[[ Exercise data open ]]
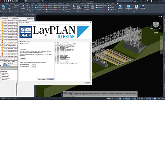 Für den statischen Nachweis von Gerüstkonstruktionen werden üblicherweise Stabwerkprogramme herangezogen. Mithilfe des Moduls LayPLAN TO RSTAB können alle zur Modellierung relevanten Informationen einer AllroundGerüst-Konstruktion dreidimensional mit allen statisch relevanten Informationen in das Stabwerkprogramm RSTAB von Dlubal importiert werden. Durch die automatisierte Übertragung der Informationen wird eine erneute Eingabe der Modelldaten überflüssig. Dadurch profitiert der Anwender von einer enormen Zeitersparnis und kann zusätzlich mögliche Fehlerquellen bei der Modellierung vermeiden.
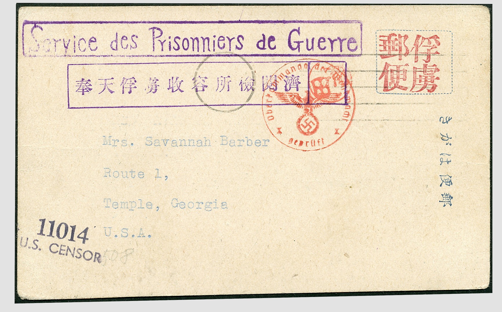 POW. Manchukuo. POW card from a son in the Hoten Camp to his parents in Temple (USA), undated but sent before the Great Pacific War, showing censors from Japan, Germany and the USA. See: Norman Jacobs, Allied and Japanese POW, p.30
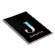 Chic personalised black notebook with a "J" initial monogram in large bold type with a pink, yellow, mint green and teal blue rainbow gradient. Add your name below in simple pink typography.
[[ Exercise data closed ]]
• Aim of the exercise:
Inclusive range, exact copy: the line containing "POW. Manchukuo. POW" through the last line of the listing. Print nothing else, and no pictures.

• Result of this exercise:
 POW. Manchukuo. POW card from a son in the Hoten Camp to his parents in Temple (USA), undated but sent before the Great Pacific War, showing censors from Japan, Germany and the USA. See: Norman Jacobs, Allied and Japanese POW, p.30
 Chic personalised black notebook with a "J" initial monogram in large bold type with a pink, yellow, mint green and teal blue rainbow gradient. Add your name below in simple pink typography.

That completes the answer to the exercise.